Markets gap open and money flows in on the Fed comments. Two days of help from the Fed and we are pushing the previous highs. Plenty of talk about the hedge fund buyers and the desire to get their numbers up going into year end. If there is any truth to that the upside is in play and the outlook is bright. But, this is the same market that was worried about the impact of the energy price destruction. That didn’t stop, today crude drop 4% into the close and below the $54 mark. There was a small after-hours bounce, but still no bright spot relative to oil prices. The traders are in control for now and this could very well run higher into the year end tally. All the major indexes close with gains of better than 2% on the trading day and the upside is in play on the pivot point move off the Tuesday low.
The ten-year bond bumped to 2.2% and up 16 basis points the last two days as investors decide they like stocks and are buying. The movement to bonds has been an indication that investors are looking for safety or a hedge to their portfolios Does this mean the move is over and all is well with owning stocks? Time will tell, but if the selling in the 20+ year bond ETFS, TMF or TLT are any indication, the downside may be visited short term. Yield on the thirty-year bond moved to 2.81%, but still long way to go back to 3%.
The NASDAQ closed up 96 points on Wednesday, and follows that Thursday with a 102 point gain and back to the 4746 mark. Remember the closing high was 4791 November 28th . Gap open made any entries difficult, but for those who bought at open were still up another 0.7% from that point. I didn’t take the trade on the gap open and still watching for now for the break through the previous highs to validate sustainability short term.
The S&P 500 index closed at 2061 gaining 47 point on the day. This follow through from the pivot was great as everyone now likes stocks. The Fed magic at work again. Is it sustainable? Based on this activity you would have to say yes. Based on the reality profit taking looks good on short term positions. Pivot point reversal confirmation today puts the index in play on the upside. Gap open made entry difficult for our view and we are watching to see how it unfolds. Break to new high could offer more opportunities going forward.
As we discussed in the webinar on Tuesday night if the rotation to the downside were to reverse it would need an event, catalyst or news to stem the downside acceleration, and the FOMC was part of the reason, oil holding near $55 was part of the reason and Russia becoming proactive towards the ruble was part of the reason… The next question is sustainable or temporary? For now I am going with temporary backed by some hope that the upside move will improve the longer term view for investors, but hope is not a trading strategy, thus I am going with temporary and that leads me to short term windows versus longer term horizons.

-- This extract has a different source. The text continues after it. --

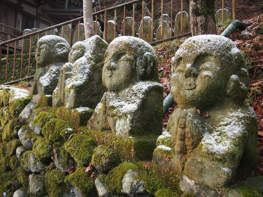 そして愛宕念仏寺にやってきました。境内を拝観すると、千二百羅漢像も「雪化粧」をしていました。これ以上積もると、石像の顔が埋もれてしまうため、これくらいの雪がちょうどよい「化粧」に見えますね(笑)早朝の境内は私だけの貸切で、ゆっくりとお化粧をした石仏を見させて頂きました。この日の天気は回復傾向で、次第境内に日が差してきていました。

Shift in trading strategy currently to account for the volatility and uncertainty that is becoming sustainable short term (0-13 week outlook).
The Russell 2000 index was up 4.8% the last two days leading the indexes higher and setting the bar for other to follow. We have discussed the move in this index the last few days showing signs of wanting to bounce and it did just that Wednesday and followed through on Thursday. Because there was nothing more than a hunch on my part we couldn’t trade it, but it did follow through and is now at 1191 above the 1190 resistance. There is a trade on the confirm break above the 1190 level today.

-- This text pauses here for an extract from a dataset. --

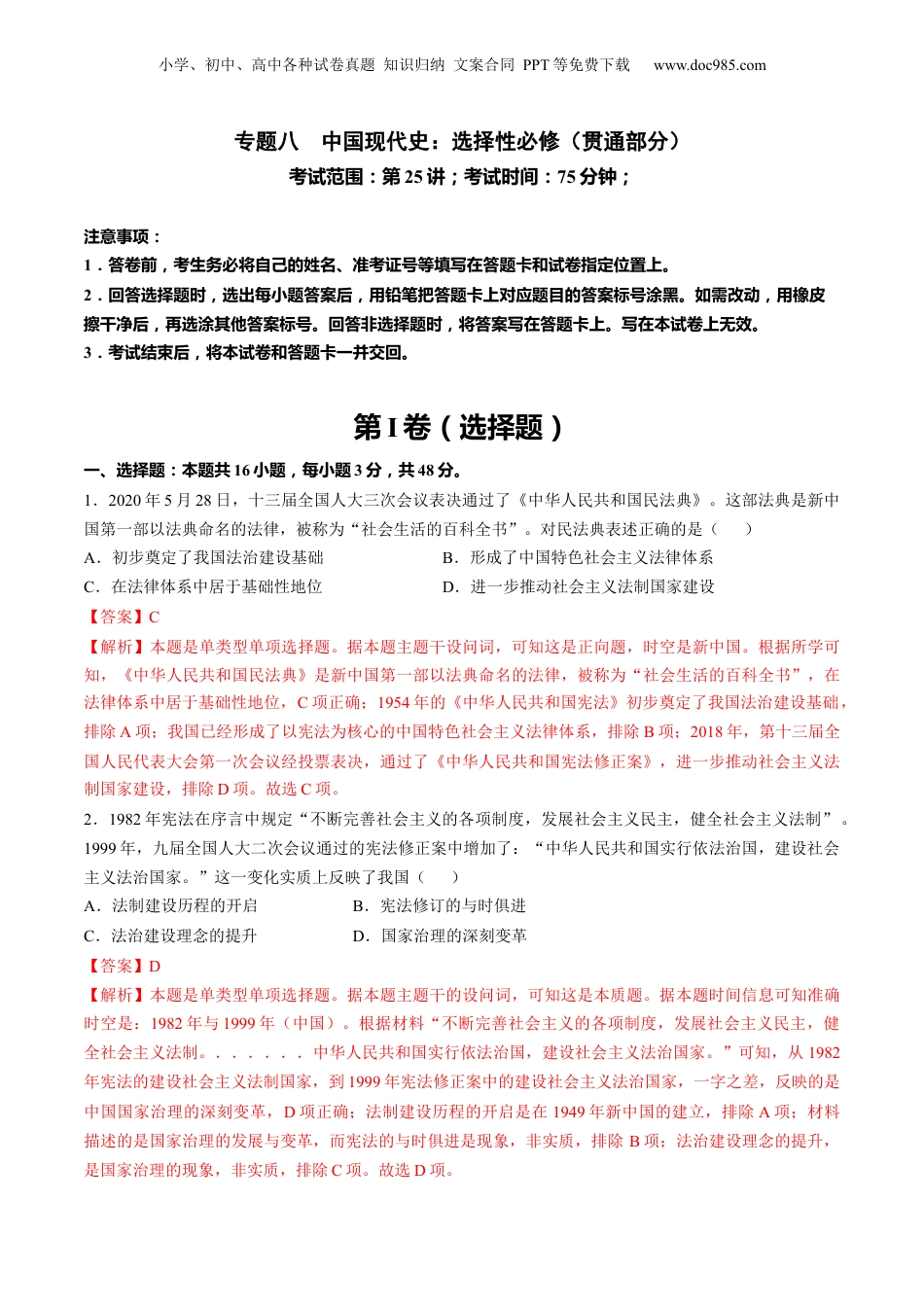 小学、初中、高中各种试卷真题知识归纳文案合同PPT等免费下载www.doc985.com专题八中国现代史:选择性必修(贯通部分)考试范围:第25讲;考试时间:75分钟;注意事项:1.答卷前,考生务必将自己的姓名、准考证号等填写在答题卡和试卷指定位置上。2.回答选择题时,选出每小题答案后,用铅笔把答题卡上对应题目的答案标号涂黑。如需改动,用橡皮擦干净后,再选涂其他答案标号。回答非选择题时,将答案写在答题卡上。写在本试卷上无效。3.考试结束后,将本试卷和答题卡一并交回。第I卷(选择题)一、选择题:本题共16小题,每小题3分,共48分。1.2020年5月28日,十三届全国人大三次会议表决通过了《中华人民共和国民法典》。这部法典是新中国第一部以法典命名的法律,被称为“社会生活的百科全书”。对民法典表述正确的是()A.初步奠定了我国法治建设基础B.形成了中国特色社会主义法律体系C.在法律体系中居于基础性地位D.进一步推动社会主义法制国家建设【答案】C【解析】本题是单类型单项选择题。据本题主题干设问词,可知这是正向题,时空是新中国。根据所学可知,《中华人民共和国民法典》是新中国第一部以法典命名的法律,被称为“社会生活的百科全书”,在法律体系中居于基础性地位,C项正确;1954年的《中华人民共和国宪法》初步奠定了我国法治建设基础,排除A项;我国已经形成了以宪法为核心的中国特色社会主义法律体系,排除B项;2018年,第十三届全国人民代表大会第一次会议经投票表决,通过了《中华人民共和国宪法修正案》,进一步推动社会主义法制国家建设,排除D项。故选C项。2.1982年宪法在序言中规定“不断完善社会主义的各项制度,发展社会主义民主,健全社会主义法制”。1999年,九届全国人大二次会议通过的宪法修正案中增加了:“中华人民共和国实行依法治国,建设社会主义法治国家。”这一变化实质上反映了我国()A.法制建设历程的开启B.宪法修订的与时俱进C.法治建设理念的提升D.国家治理的深刻变革【答案】D【解析】本题是单类型单项选择题。据本题主题干的设问词,可知这是本质题。据本题时间信息可知准确时空是:1982年与1999年(中国)。根据材料“不断完善社会主义的各项制度,发展社会主义民主,健全社会主义法制。......中华人民共和国实行依法治国,建设社会主义法治国家。”可知,从1982年宪法的建设社会主义法制国家,到1999年宪法修正案中的建设社会主义法治国家,一字之差,反映的是中国国家治理的深刻变革,D项正确;法制建设历程的开启是在1949年新中国的建立,排除A项;材料描述的是国家治理的发展与变革,而宪法的与时俱进是现象,非实质,排除B项;法治建设理念的提升,是国家治理的现象,非实质,排除C项。故选D项。小学、初中、高中各种试卷真题知识归纳文案合同PPT等免费下载www.doc985.com3.新中国成立后的几部宪法的结构都是四章。1982年以前的宪法的结构顺序都是“序言”“总纲”“国家机构”“公民的基本权利和义务”,1982年宪法则把“公民的基本权利和义务”放在“国家机构”之前。宪法结构的这一变动表明我国()A.更加重视保障公民权利B.法制体系日趋完善C.经济体制改革逐步深入D.依法治国稳步推进【答案】A【解析】结合所学知识可知,1982年宪法把“公民的基本权利和义务”一章放在“国家机构”之前,体现出改革开放以来,我国更加重视保障公民权利,A项正确;仅宪法发展一项不足以说明法制体系日趋完善,排除B项;材料并未体现经济体制改革的逐步深入,排除C项;依法治国稳步推进与材料内容和主旨不符,排除D项。故选A项。4.1949年9月,中国人民政治协商会议第一届全体会议决定建立人民英雄纪念碑。此后,各地纷纷响应。至1959年,全国兴修了5200多座烈士陵园、公墓等纪念性设施。此外,还积极举行纪念仪式、开展拥军优属活动,并制定烈士褒扬抚恤的政策法规。这些举措()①践行了“五讲四美三热爱”的号召②激发了人民保家卫国、建设祖国的热情③有助于培育爱国奉献的社会价值观④初步奠定我国社会主义法治建设的基础A.①②B.②④C.③④D.②③【答案】D【解析】新中国成立前后,全国各地纷纷开展...

The Volatility index jumped to a high of 25.2 Tuesday and reversed to 16.8 on Thursday. The swings are getting bigger and Wednesday was a news driven move that could take the immediate uncertainty out of the market. Thursday was a nice follow through to take the emotions out of the trading. The move in SVXY has been positive with the reversal, but it is struggling to gain any respect from investors as a legitimate trading opportunity, but the S&P 500 index is moving higher.

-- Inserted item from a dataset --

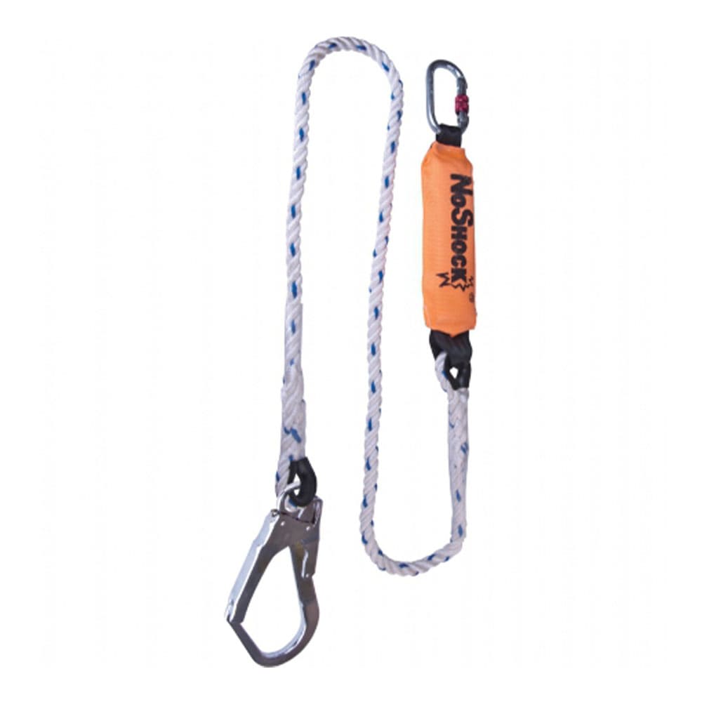 Строп одинарный канатный с амортизатором и соединителями. Материал: строп - полиамидный плетеный канат диаметром 12 мм, амортизатор – полиэстер, карабины – сталь. Длина стропа - 2,0 м. Петлевые наконечники. В комплектацию входят 2 соединителя: 1 карабин резьбовой АМ002 и 1 карабин-крюк АМ022.

Bottom line… uncertainty reins! Plain and simple we can all put forward rationale for the activity up and down the last three weeks, but they all come back to the lack of visibility going forward. The worries are big enough to stall action in both directions and allows the control to shift to the traders. This creates volatility day to day based on the mood swings. The best course of action is watch, manage your risk relative to the time horizon and keep your stops at the level of risk you are willing to accept. One day at at time.